Perhatian pemerintah terhadap pesantren dinilai minim

Rabu, 4 Juni 2014 | 20:12 WIB ET

SURABAYA, kabarbisnis.com: Ketua Dewan Pembina Majelis Permusyawaratan Pengasuh Pesantren se-Indonesia (MPPPI) KH. Shalahuddin Wahid menilai, selama ini pemerintah kurang memperhatikan keberadaan pondok pesantren. Pesantren menjadi lembaga pendidikan yang terlupakan.

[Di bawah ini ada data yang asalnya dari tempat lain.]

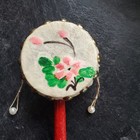 Vintage Hand Held Prayer Drum Double Sided Rawhide Handpainted Onna Stick 8"

"Perhatian memang sudah ada tetapi masih sangat kecil. Padahal keberadaan pesantren bagi kemajuan Indonesia sangat besar," kata KH. Shalahuddin Wahid usai menjadi salah satu pembicara dalam acara International Conference on Islamic Economics and Civilization (ICIEC) di Hotel Bumi Surabaya, Rabu (4/6/2014).

Untuk itu, dalam perhelatan Pemilihan Umum (Pemilu) Presiden kali ini, MPPPI mengundang kedua capres-cawapres pasangan Prabowo Subianto-Hatta Radjasa dan Joko Widodo-Jusuf Kalla untuk memaparkan visi dan misi mereka untuk memajukan dan memberdayakan pesantren. "Setelah mereka memaparkan visi dan misi, baru kami akan menentukan sikap, kepada siapa dukungan akan diberikan," katanya.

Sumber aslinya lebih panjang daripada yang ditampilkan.